The Catman of Paris (← click here for review) is calculating as well, a shameless matinee mash-up of six-gun action and gothic thrills—the director was Lesley Selander who helmed close to a hundred cowboy films for Universal and Republic. When released in 1946, Catman went out on a double bill with an equally toothless thriller, but they made for a killer marquee: The Catman of Paris and Valley of the Zombies.

By 1945 former matinee idol Ian Keith was one weird-looking dude. It’s no wonder director Philip Ford gave him a surplus of bug-eyed close-ups in Valley of the Zombies, because nothing else in this horror-comedy is remotely affecting. It’s Republic’s take on one of Universal’s light-hearted murder mysteries but Robert Livingston and Adrian Booth are not Dick Foran and Peggy Moran.

Livingstone and Booth are doctor and nurse respectively but they act more like slumming vaudeville actors with a bad joke for every occasion. And they have a lot to “joke” about; the blood supply in their laboratory has mysteriously dwindled over the weeks, a phenomenon traced to Ormand Murks, a living-dead man played by Keith.

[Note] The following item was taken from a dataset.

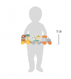 Dajte to dokopy a choďte zo stanice! Tento drevený vláčik v trendy farbách sa chystá na veľký výlet po škôlke, až keď nalodia slon, žirafa, zebra a ich priatelia! Bohato podrobný vláčik, ktorý je zároveň tvarovo prispôsobenou a skladateľskou hrou, ponúka deťom možnosť stavať podľa vlastných predstáv. Vkladateľné bloky sa dajú použiť aj samostatne ako stavebné bloky. Ďalšia zastávka: Safari! Hra a zloženie jednotlivých vkladateľných prvkov spolu trénuje aj motoriku. Pre dlhotrvajúcu a rozmanitú zábavu pri hraní v detskej izbe!

He needs more plasma and, surprise, he’ll kill anyone in his way.

The lazy script could use a transfusion too, and with Republic’s fabled penny-pinching undermining every shot, Valley of the Zombies (there’s no valley or zombies in this movie) is tedious even at 56 minutes.

Good or bad, all the films look swell in Kino’s new Blu ray set. Along with the new 4K scans of the films themselves,  there are commentaries from Tim Lucas for The Phantom Speaks and Valley of the Zombies, and a commentary on The Lady and the Monster from Stephen Bissette. David Del Valle and Miles Hunter do the honors for The Catman of Paris along with a second commentary for Zombies. As an extra-added attraction, Tim and Stephen share an on-camera chat about The Lady and the Monster. Rounding out the package is a generous selection of trailers from Republic productions.